Para conmemorar el 90º aniversario de la Guerra Civil, José Ángel Mañas recrea en Zenda, día por día en esta sección, lo que aconteció en 1936, quizá el año más trascendental de toda la historia reciente de España.
Martes, 28 de julio de 1936: La huida de un religioso
(carta de mi archivo familiar)
Querido Pepe:
Desde mi ventana he visto arder decenas de iglesias. He visto los cristales de la cúpula de San Nicolás saltar por los aires. Hasta mi altillo llegaba humo denso y olor a plomo derretido. Aunque lo que me decidió fue lo sucedido en el cuartel de la Montaña. El tiroteo, los disparos de artillería, las bombas. Pero lo peor fue oír a los milicianos vanagloriarse de los linchamientos de oficiales y falangistas. Últimamente salía a la calle vestido de paisano y no debo desvelarte adónde me dirijo, pero no os preocupéis. Tengo amigos en una ciudad donde se nos respeta la vida. Solo puedo decirte que es localidad andaluza.
Verás, junto a esta carta, otras para tu padre y tu madre. A todos os escribo con tristeza. Sois mi única familia en Madrid y habéis sido un apoyo impagable para un hombre de mi condición.
Esta primavera me preocupé por ciertas noticias que me llegaban sobre ti y tus amistades. Pero después de haber departido contigo, sé que en tu personalidad sobresalen la bondad, la integridad, y que no dejarás que te arrastren pasiones destructivas.
Lo que más me entristece es no poder casaros a ti y a Mercedes este verano, como hubiese deseado. Lo lamento. Era de los oficios que más me hubiera satisfecho realizar.

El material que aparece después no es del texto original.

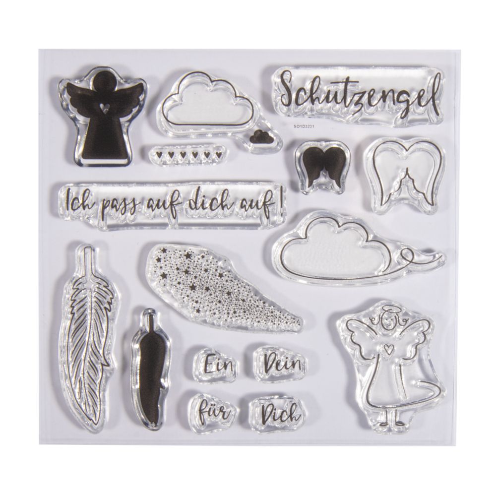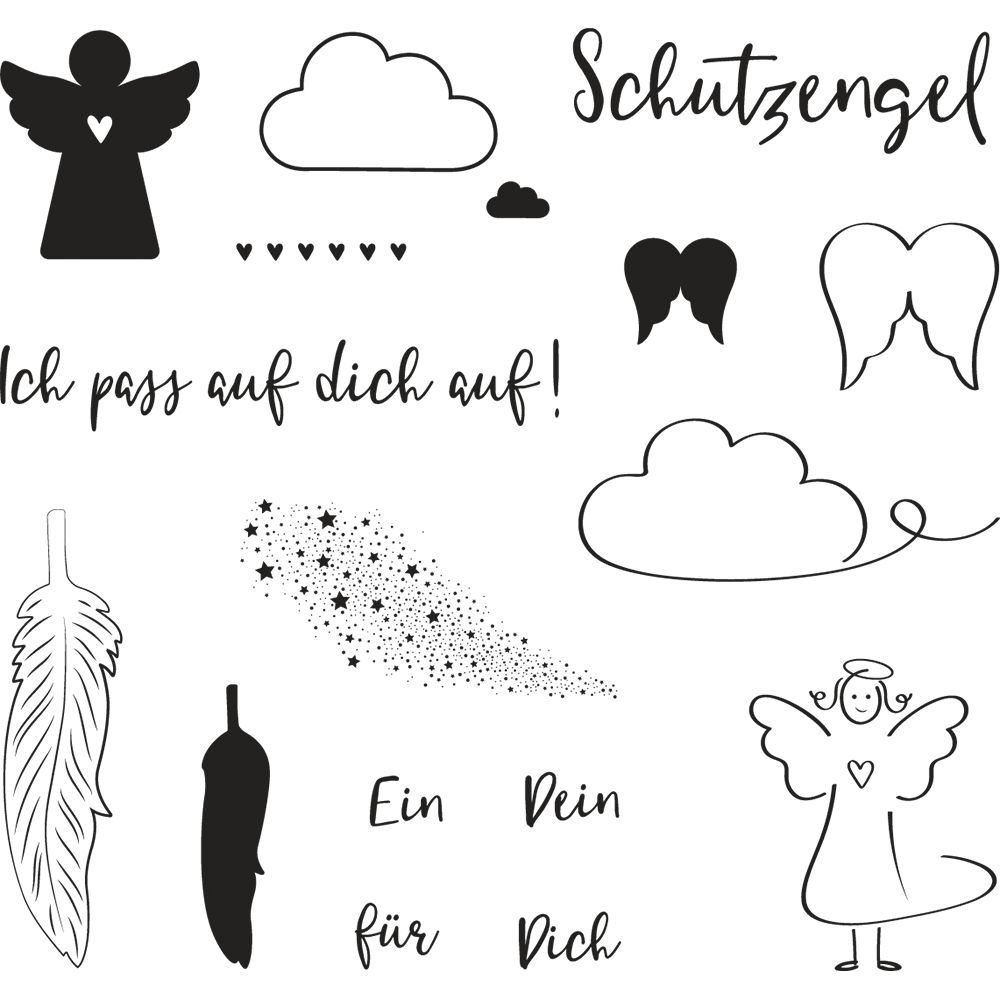 Clear Stamps „Schutzengel“, Bogengröße 102,5 x 97 mm, 16 verschiedene Motive und Texte

Como no sé cuánto tardaremos en volver a vernos, no puedo despedirme sin darte una serie de consejos. Ante todo, desea siempre la verdad. A quien quiere pan, Dios no da piedras. La verdad existe y quien la desea la obtiene, no importa la cantidad. La verdad es oro puro. Lo poco vale tanto como lo mucho.
Somos como barcos y no influimos en las olas ni el viento. No podemos luchar contra los elementos, pero sí escoger la mejor manera de sortearlos. Obstáculos siempre habrá, y pretender suprimirlos es la locura vanidosa de quienes se sueñan omnipotentes. Cuando se ha entendido la realidad y se sabe tratar con ella, somos como buenos marinos lidiando con vientos y mareas. Ese es el margen de libertad que nos deja Dios.
¿Recuerdas ese cuento que te gustaba tanto de pequeño? ¿El de los niños que encuentran una casa y una voz les pregunta si quieren entrar por la puerta de alquitrán o la de oro? ¿Recuerdas que quien dijo oro tuvo alquitrán, y viceversa? Pues a nosotros nos ha tocado la puerta de alquitrán, Pepe, pero Dios, si superamos la prueba, transformará esa experiencia en oro.
Recibe un fuerte abrazo de tu tío José.